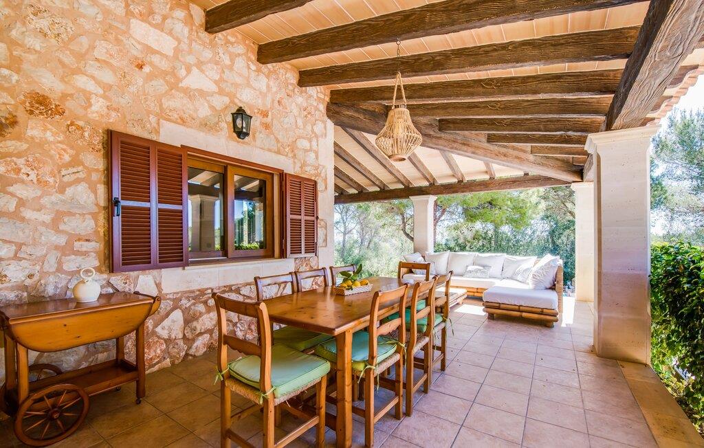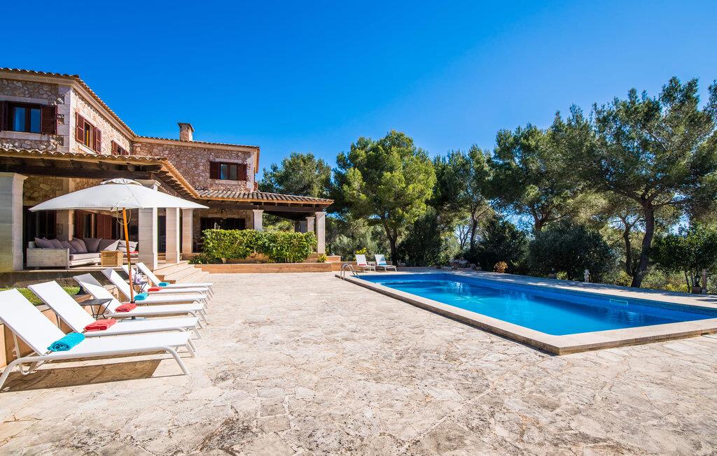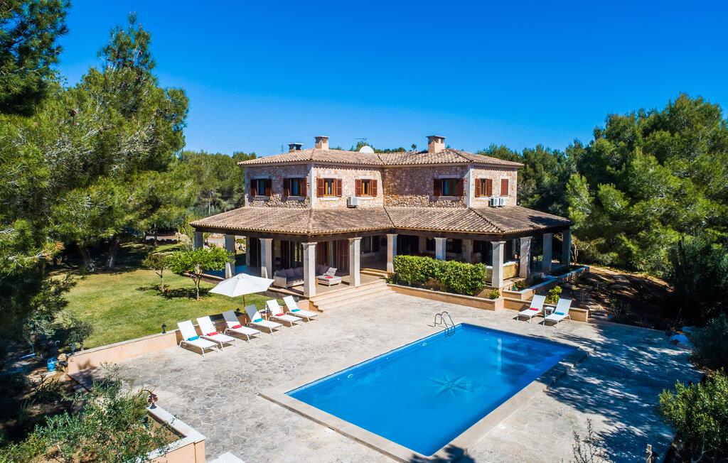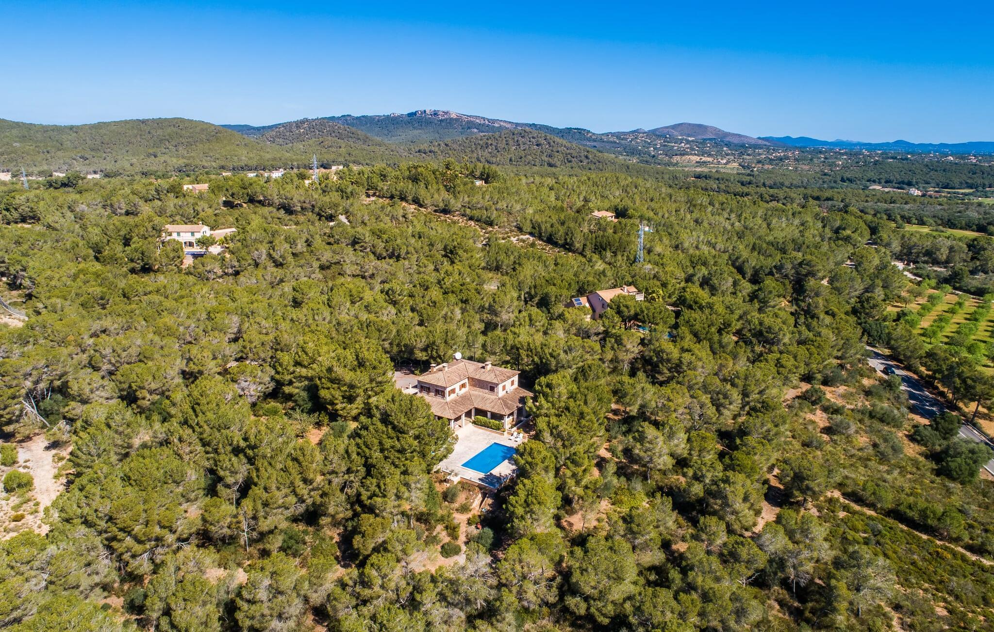 Den stilfulde "Es Puig de Portocolom" lover et roligt tilflugtssted omgivet af natur, der tilbyder fuldstændig privatliv og mulighed for større forsamlinger. Denne vidtstrakte ejendom, beliggende i en frodig fyrreskov, består af flere rummelige villaer, hver med sin egen indgang og parkeringsplads, der tilbyder masser af plads til gæster og udlejningsbiler. Den to-etagers villa har en omsluttende terrasse med komfortable loungeområder, herunder plyspuder, kurvestole og bambus-accenter. Poolområdet, omgivet af rattan-solsenge, tilbyder det perfekte sted at slappe af omgivet af natur. For mere privatliv kan I trække jer tilbage til et roligt hjørne af haven, hvor et gammelt oliventræ giver skygge og fred. Indvendigt har villaen et lyst, skandinavisk-inspireret design med opholdsarealer i åbent plan. I stueetagen er der en rummelig opholdsstue med pejs, fladskærms-tv og spiseplads. Det separate køkken er veludstyret til store grupper, med lange bordplader og nem adgang til terrassen. Et gæstesoveværelse i stueetagen giver ekstra komfort. Ovenpå byder to soveværelser på masser af plads og deler badeværelse, mens det tredje soveværelse har en stor 1,80 cm bred seng og eget badeværelse. Mellem Portocolom på kysten og Felanitx i hjertet af øen tilbyder "Es Puig de Portocolom" afslapning i naturen og det højeste niveau af privatliv. Det er kun 6 km til calas på den sydøstlige kyst, et par minutter i bil til Vall d'Or golfbanen og kun en halv time til Toscana Mallorcas omkring Santanyí. Butikker, caféer og restauranter findes overalt i området. For større indkøbsture kan I tage til Manacor.
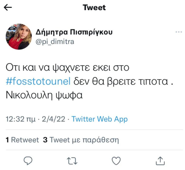 - Παρ’ όλα αυτά, στη συνέχεια, η Δήμητρα Πισπιρίγκου παρενέβη τηλεφωνικά στο «Φως στο Τούνελ», μίλησε με την Αγγελική Νικολούλη και υποστήριξε πως δεν έκανε εκείνη την εν λόγω διαδικτυακή ανάρτηση, αλλά δεν θέλησε να μιλήσει στον «αέρα» της εκπομπής.
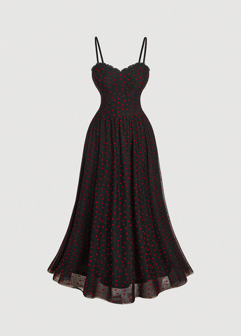 Это черное платье имеет романтичный дизайн с сердечками, подходит для особых случаев, таких как День святого Валентина. Платье имеет стандартный крой с оборками. Оно сшито из ткани средней эластичности. Подол расклешенный, а вырез на бретельках. Высокая талия завершает этот стиль.
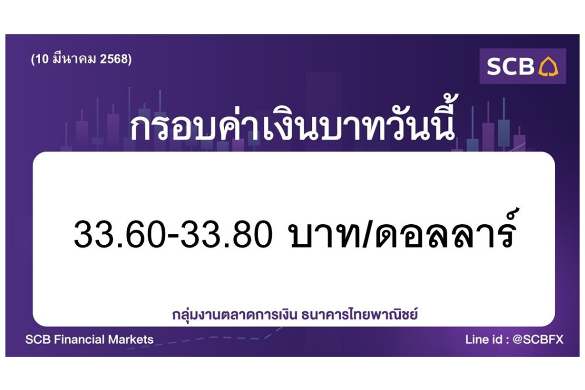 -กลุ่มงานตลาดการเงิน ธนาคารไทยพาณิชย์ ประเมินค่าเงินบาทวันนี้เคลื่อนไหวในกรอบ 33.60-33.80 บาท/ดอลลาร์
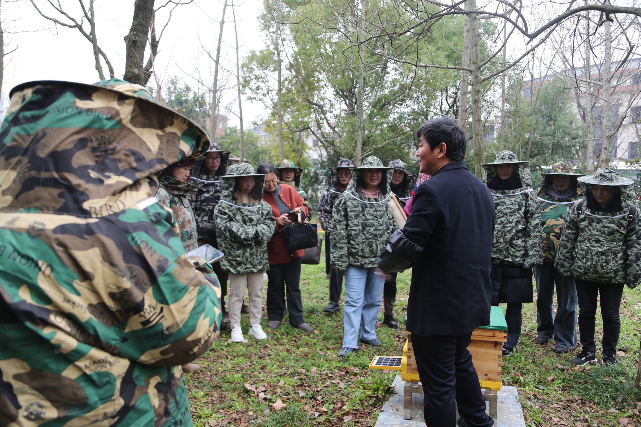 为促进产学研深度融合,进一步提升我校女教授队伍的专业素养与业务能力,校工会、妇联于3月10日组织女教授和工会、妇联女干部近40人赴我校李红亮教授蜂产品标准化研究合作基地杭州临平归蜜家庭农场开展了考察实践活动。
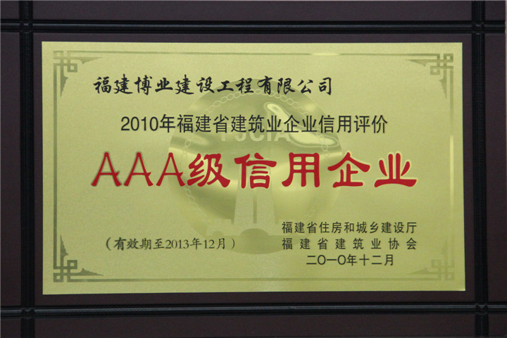 2010年福建省建筑业信用评价AAA级信用企业
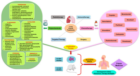 The combination of phytocompounds or plant extracts with complementary therapy is highly appreciated and used for the treatment of cancer because it offers a novel approach that can enhance the efficacy of treatment and reduce toxicity while also potentially overcoming drug resistance. By harnessing the unique properties of natural compounds and their ability to augment the effects of chemotherapeutic drugs, it could become possible to improve outcomes for lung cancer patients and pave the way for more effective and personalized treatment approaches in the future [4,119].
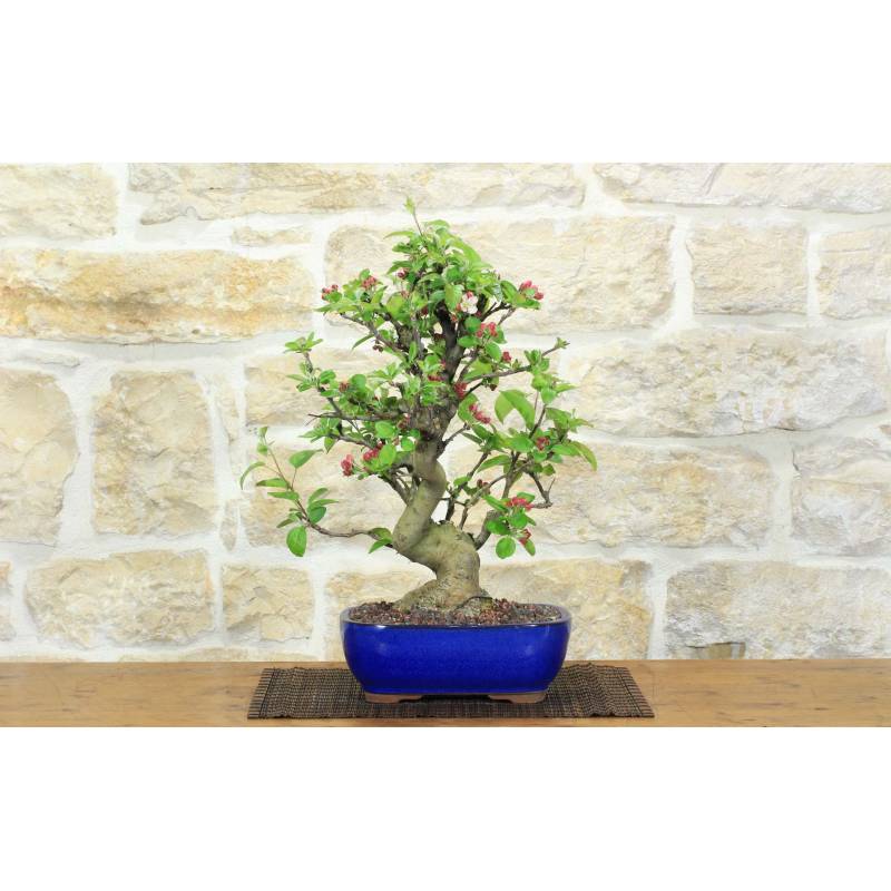 Bonsai di Melo selvatico (Malus Cerasifera) in vaso rettangolare, smaltato di colore blu.
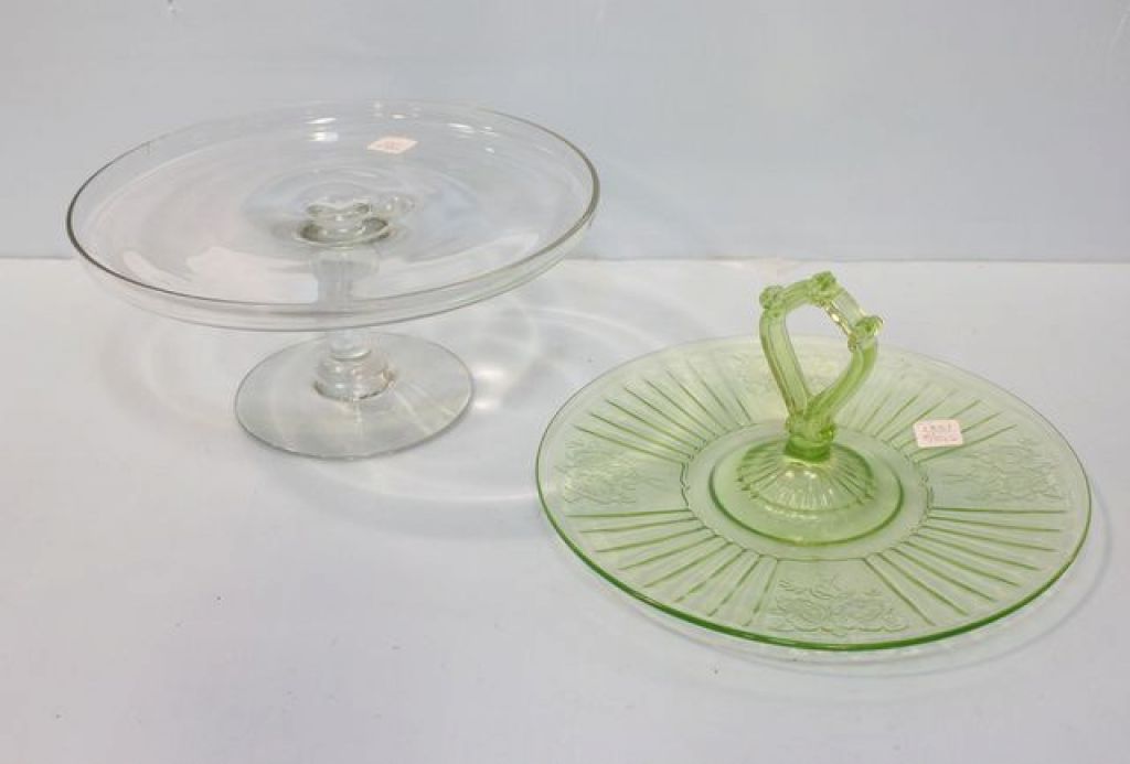 550 Depression Glass Cake Stand & Clear Glass Cake Stand
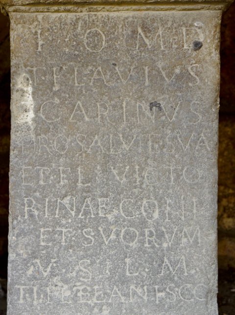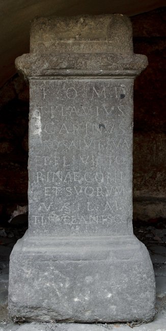 - I(ovi) O(ptimo) M(aximo) D(olicheno) / T(itus) Flavius / Carinus / pro salute sua / et Fl(aviae) Victo/rinae coni(ugis) / et suorum / v(otum) s(olvit) l(ibens) m(erito) / II [Si]lanis co(n)s(ulibus)
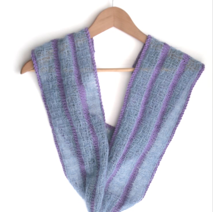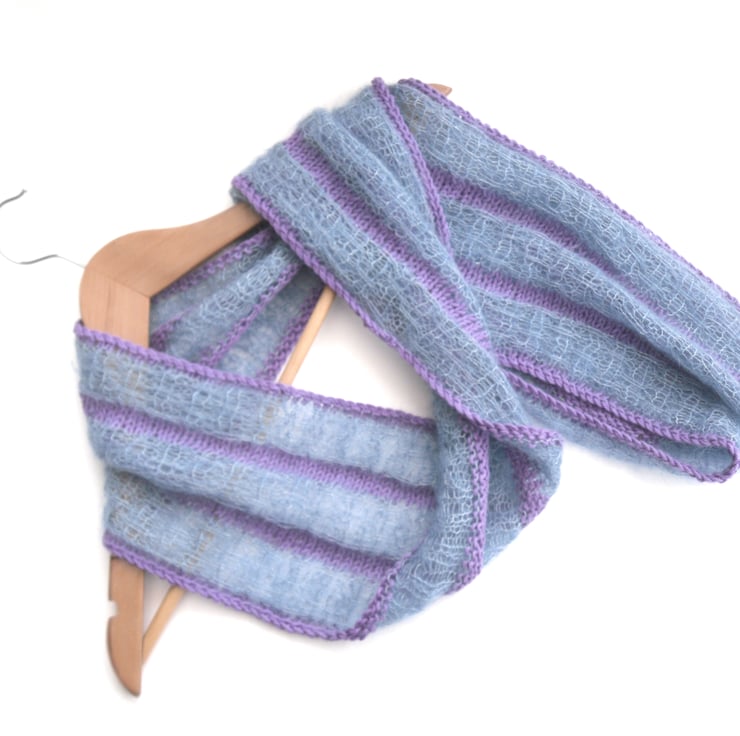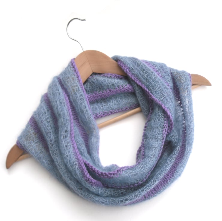 Striped cotton / mohair cowl. Hank knit in an intricate open lacework in a soft blue kidsilk yarn (70% mohair / 30% silk), a light , delicate and fluffy mohair / silk mix yarn. Striped with 100% cotton yrn in a lovely shade of purple.
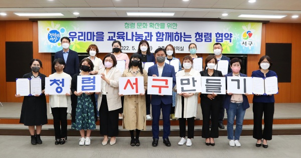 이번 협약은 서구청과 우리마을 교육나눔이 청렴관련 프로그램 연계와 원활한 운영으로 청소년 및 지역 주민의 청렴 마인드 함양과 청렴 문화 확산을 위해 공동으로 노력하고자 마련됐다.

☆ ☆ ☆ ☆

EXERCISE: Each record is to be copied word for word, with no images carried over.

RESPONSE TO THIS EXERCISE:
 Den stilfulde "Es Puig de Portocolom" lover et roligt tilflugtssted omgivet af natur, der tilbyder fuldstændig privatliv og mulighed for større forsamlinger. Denne vidtstrakte ejendom, beliggende i en frodig fyrreskov, består af flere rummelige villaer, hver med sin egen indgang og parkeringsplads, der tilbyder masser af plads til gæster og udlejningsbiler. Den to-etagers villa har en omsluttende terrasse med komfortable loungeområder, herunder plyspuder, kurvestole og bambus-accenter. Poolområdet, omgivet af rattan-solsenge, tilbyder det perfekte sted at slappe af omgivet af natur. For mere privatliv kan I trække jer tilbage til et roligt hjørne af haven, hvor et gammelt oliventræ giver skygge og fred. Indvendigt har villaen et lyst, skandinavisk-inspireret design med opholdsarealer i åbent plan. I stueetagen er der en rummelig opholdsstue med pejs, fladskærms-tv og spiseplads. Det separate køkken er veludstyret til store grupper, med lange bordplader og nem adgang til terrassen. Et gæstesoveværelse i stueetagen giver ekstra komfort. Ovenpå byder to soveværelser på masser af plads og deler badeværelse, mens det tredje soveværelse har en stor 1,80 cm bred seng og eget badeværelse. Mellem Portocolom på kysten og Felanitx i hjertet af øen tilbyder "Es Puig de Portocolom" afslapning i naturen og det højeste niveau af privatliv. Det er kun 6 km til calas på den sydøstlige kyst, et par minutter i bil til Vall d'Or golfbanen og kun en halv time til Toscana Mallorcas omkring Santanyí. Butikker, caféer og restauranter findes overalt i området. For større indkøbsture kan I tage til Manacor.
 - Παρ’ όλα αυτά, στη συνέχεια, η Δήμητρα Πισπιρίγκου παρενέβη τηλεφωνικά στο «Φως στο Τούνελ», μίλησε με την Αγγελική Νικολούλη και υποστήριξε πως δεν έκανε εκείνη την εν λόγω διαδικτυακή ανάρτηση, αλλά δεν θέλησε να μιλήσει στον «αέρα» της εκπομπής.
 Это черное платье имеет романтичный дизайн с сердечками, подходит для особых случаев, таких как День святого Валентина. Платье имеет стандартный крой с оборками. Оно сшито из ткани средней эластичности. Подол расклешенный, а вырез на бретельках. Высокая талия завершает этот стиль.
 -กลุ่มงานตลาดการเงิน ธนาคารไทยพาณิชย์ ประเมินค่าเงินบาทวันนี้เคลื่อนไหวในกรอบ 33.60-33.80 บาท/ดอลลาร์
 为促进产学研深度融合,进一步提升我校女教授队伍的专业素养与业务能力,校工会、妇联于3月10日组织女教授和工会、妇联女干部近40人赴我校李红亮教授蜂产品标准化研究合作基地杭州临平归蜜家庭农场开展了考察实践活动。
 2010年福建省建筑业信用评价AAA级信用企业
 The combination of phytocompounds or plant extracts with complementary therapy is highly appreciated and used for the treatment of cancer because it offers a novel approach that can enhance the efficacy of treatment and reduce toxicity while also potentially overcoming drug resistance. By harnessing the unique properties of natural compounds and their ability to augment the effects of chemotherapeutic drugs, it could become possible to improve outcomes for lung cancer patients and pave the way for more effective and personalized treatment approaches in the future [4,119].
 Bonsai di Melo selvatico (Malus Cerasifera) in vaso rettangolare, smaltato di colore blu.
 550 Depression Glass Cake Stand & Clear Glass Cake Stand
 - I(ovi) O(ptimo) M(aximo) D(olicheno) / T(itus) Flavius / Carinus / pro salute sua / et Fl(aviae) Victo/rinae coni(ugis) / et suorum / v(otum) s(olvit) l(ibens) m(erito) / II [Si]lanis co(n)s(ulibus)
 Striped cotton / mohair cowl. Hank knit in an intricate open lacework in a soft blue kidsilk yarn (70% mohair / 30% silk), a light , delicate and fluffy mohair / silk mix yarn. Striped with 100% cotton yrn in a lovely shade of purple.
 이번 협약은 서구청과 우리마을 교육나눔이 청렴관련 프로그램 연계와 원활한 운영으로 청소년 및 지역 주민의 청렴 마인드 함양과 청렴 문화 확산을 위해 공동으로 노력하고자 마련됐다.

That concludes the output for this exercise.